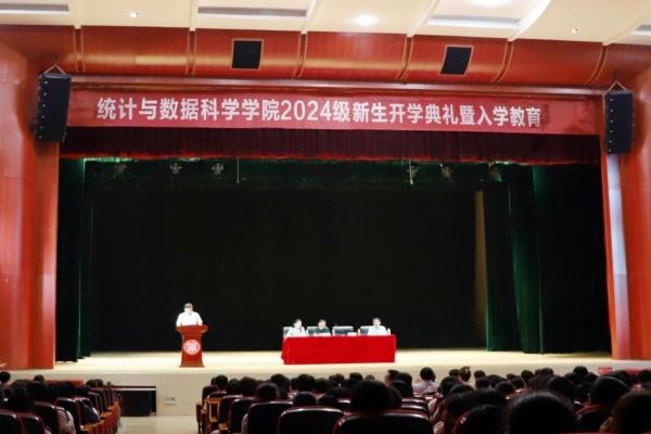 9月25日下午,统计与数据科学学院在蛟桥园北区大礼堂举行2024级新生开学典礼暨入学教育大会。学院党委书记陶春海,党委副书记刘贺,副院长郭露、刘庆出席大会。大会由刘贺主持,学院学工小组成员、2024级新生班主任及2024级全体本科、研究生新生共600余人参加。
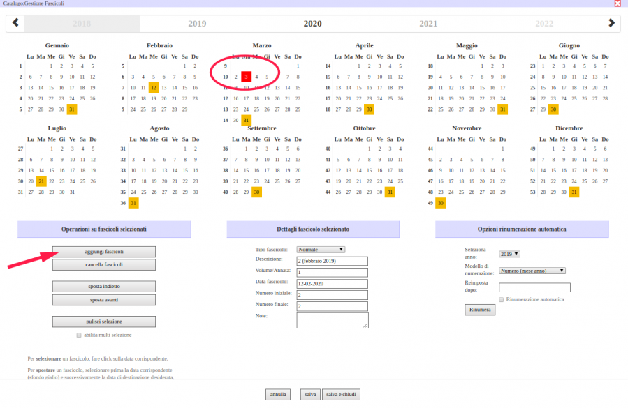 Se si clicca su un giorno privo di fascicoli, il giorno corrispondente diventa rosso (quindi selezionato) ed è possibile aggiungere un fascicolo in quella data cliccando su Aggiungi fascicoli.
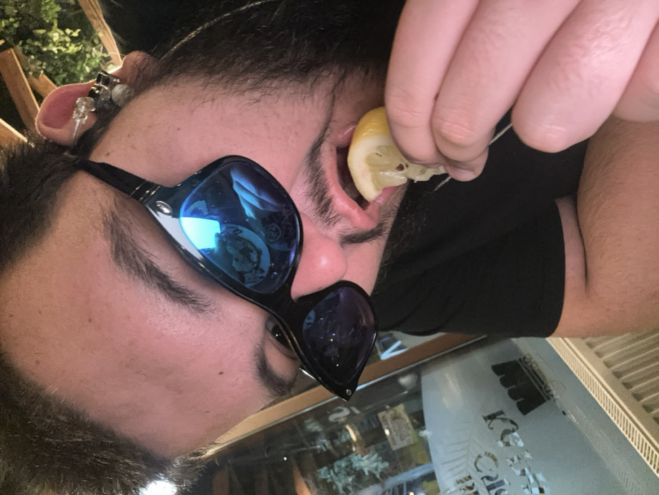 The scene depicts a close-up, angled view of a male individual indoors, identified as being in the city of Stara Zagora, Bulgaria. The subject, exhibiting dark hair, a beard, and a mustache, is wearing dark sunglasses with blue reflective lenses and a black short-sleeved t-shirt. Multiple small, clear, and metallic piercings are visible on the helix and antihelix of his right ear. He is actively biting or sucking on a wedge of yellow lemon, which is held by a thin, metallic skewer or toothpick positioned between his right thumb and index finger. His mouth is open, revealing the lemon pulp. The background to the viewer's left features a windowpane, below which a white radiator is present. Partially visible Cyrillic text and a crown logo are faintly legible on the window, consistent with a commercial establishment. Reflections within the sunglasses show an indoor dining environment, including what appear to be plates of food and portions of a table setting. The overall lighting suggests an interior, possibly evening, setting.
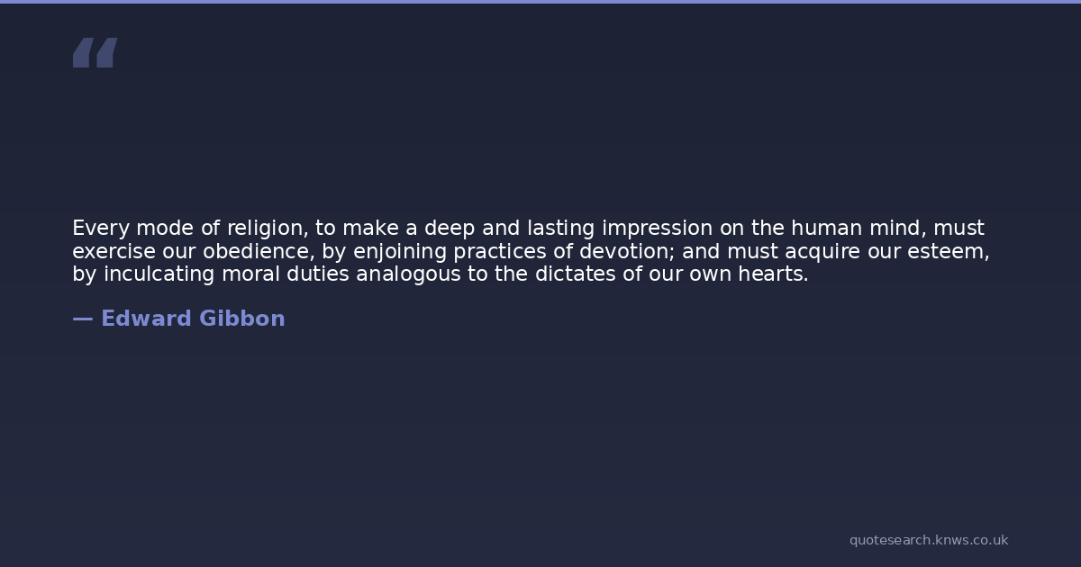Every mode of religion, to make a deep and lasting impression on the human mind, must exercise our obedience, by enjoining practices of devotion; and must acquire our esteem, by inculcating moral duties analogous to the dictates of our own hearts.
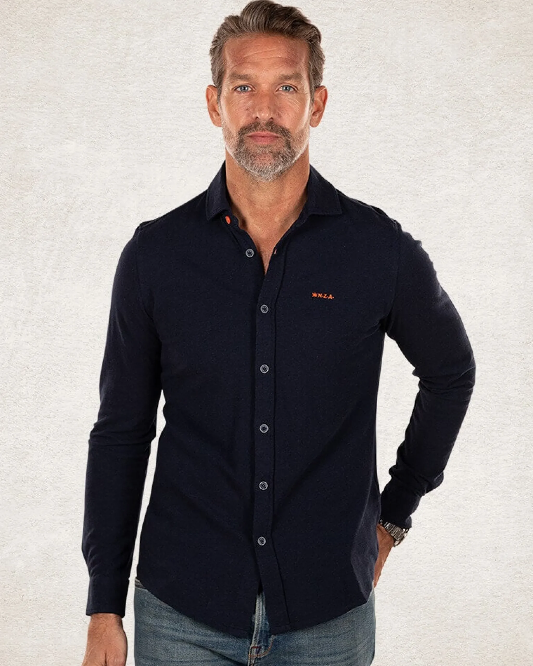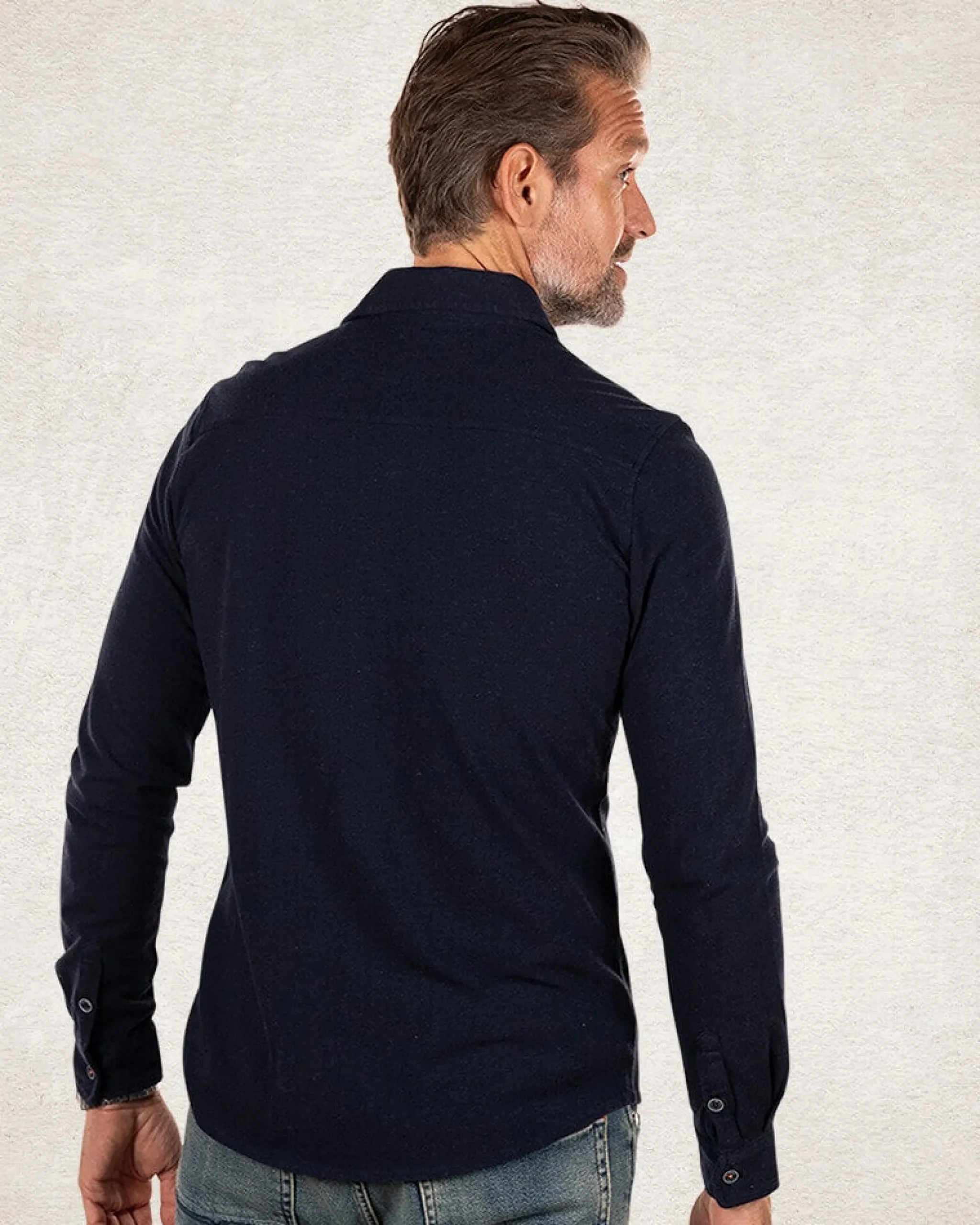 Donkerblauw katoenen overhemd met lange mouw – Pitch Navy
──────
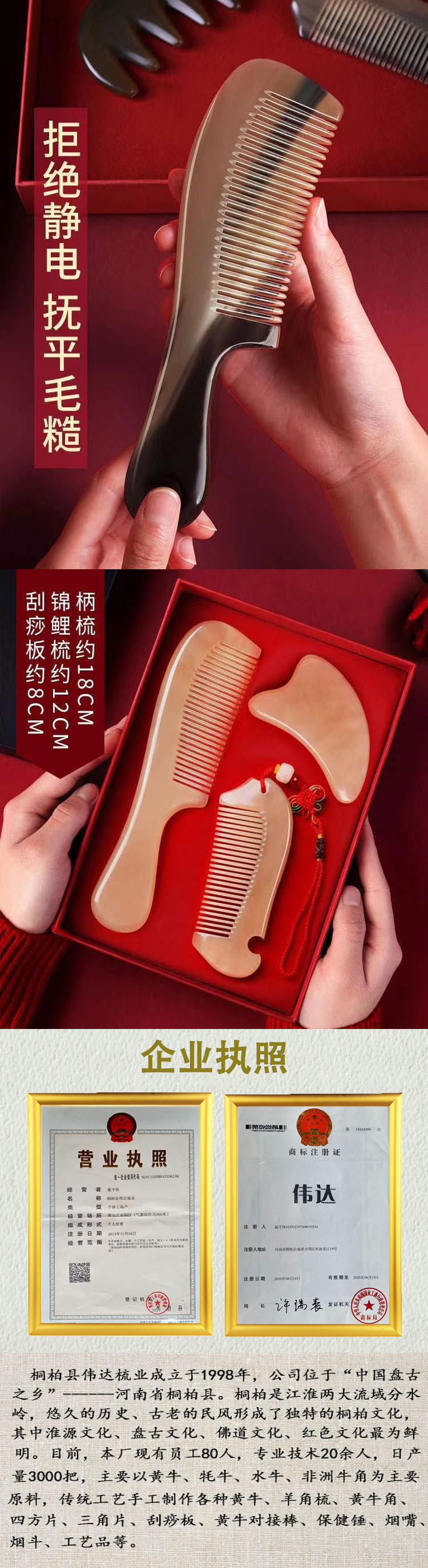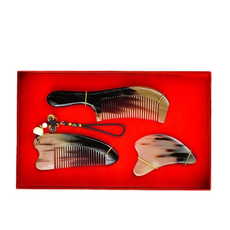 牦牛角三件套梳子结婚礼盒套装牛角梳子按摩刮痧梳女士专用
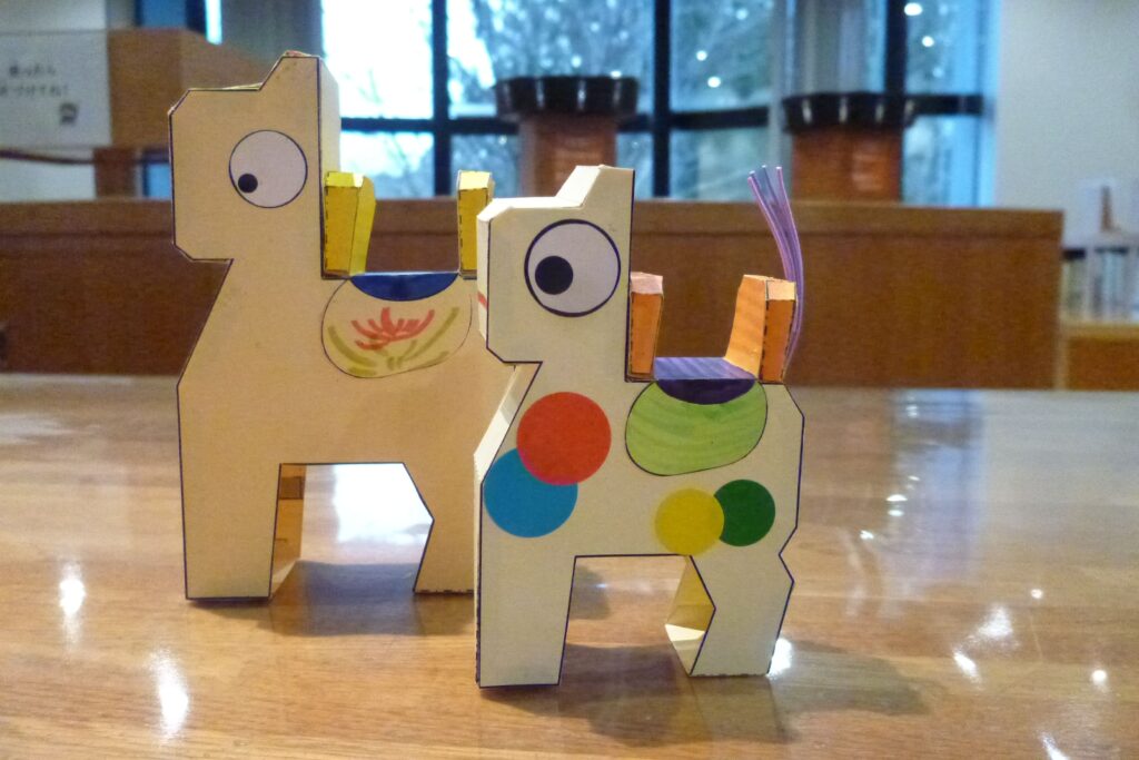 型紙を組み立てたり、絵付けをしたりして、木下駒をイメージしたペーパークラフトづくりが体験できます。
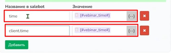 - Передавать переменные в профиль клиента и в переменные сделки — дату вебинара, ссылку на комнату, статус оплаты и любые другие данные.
──────
Reproduce the data above exactly, but only from the line containing "型紙を組み立てたり、絵付けを" through the line containing "- Передавать переменные"; skip the pictures.

** Result below **
 型紙を組み立てたり、絵付けをしたりして、木下駒をイメージしたペーパークラフトづくりが体験できます。
 - Передавать переменные в профиль клиента и в переменные сделки — дату вебинара, ссылку на комнату, статус оплаты и любые другие данные.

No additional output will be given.